= William Collard Smith =

Australian politician

Lieutenant-Colonel Hon. William Collard Smith (19 July 1830 – 20 October 1894) was a politician in colonial Victoria (Australia), a member of the Victorian Legislative Assembly, and a Minister of Education from 1880 to 1881.

Smith was youngest son of William Smith, manager of a large cotton factory at Bollington, in Cheshire, England, where he was born. He emigrated to Victoria in 1852, and ultimately settled at Ballarat, of which he was mayor in 1874–75 and 1887–88. Identifying himself with the mining interest, he began to acquire that ascendency in the local politics of the goldfields' city, which he for many years maintained.

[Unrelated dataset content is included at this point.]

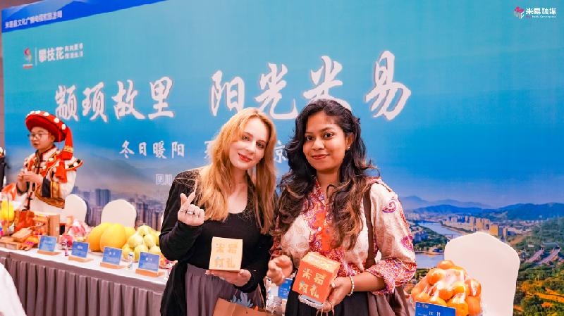 国际友人也对米易表现出浓厚兴趣。来自白俄罗斯的重庆大学留学生妮娅兴奋地展示刚收到的盲盒礼物:“今天在米易展区看到了热情的傈僳族姑娘和小伙,还收到了米易特色的红糖和枇杷膏,很开心,以后有机会我一定要和家人一起去米易游玩。”世界文旅商会署理总会长杨媄媖更是盛赞米易:“作为来自马来西亚的文旅从业者,2023年首次到访米易时,就被这里丰富的物产资源深深吸引。米易的水果品质完全可以与马来西亚的媲美。此次在重庆与米易重逢,感觉特别亲切。我们计划将米易纳入国际康养旅游线路,向海外游客推荐这个充满魅力的阳光之城。”

Smith was returned to the Legislative Assembly in August 1861 for Ballarat West, in conjunction with the ex-Premier of Victoria, Duncan Gillies, and after a brief retirement stood again in 1871, when he was returned, and represented the constituency without intermission till April 1892, when he was defeated. Lieut.-Colonel Smith, who holds that rank in the local forces, early identified himself with the volunteer movement, and distinguished himself in Parliament by his mastery of the Local Government question. He was Minister of Mines in Graham Berry's first Government from August to October 1875, and held the same office in conjunction with that of Minister of Education in Berry's second Cabinet from May 1877 to March 1880. He also acted as Treasurer of Victoria during his chief's absence in England on the famous "Embassy" from December 1878 to November 1879. In Berry's third Administration Colonel Smith was Minister of Education from August 1880 to July 1881. He was one of the delegates to the Federation Convention held in Sydney in March 1891, and the next year lost his seat for Ballarat West. In September 1894 Smith was again elected for Ballarat West, but died soon afterward.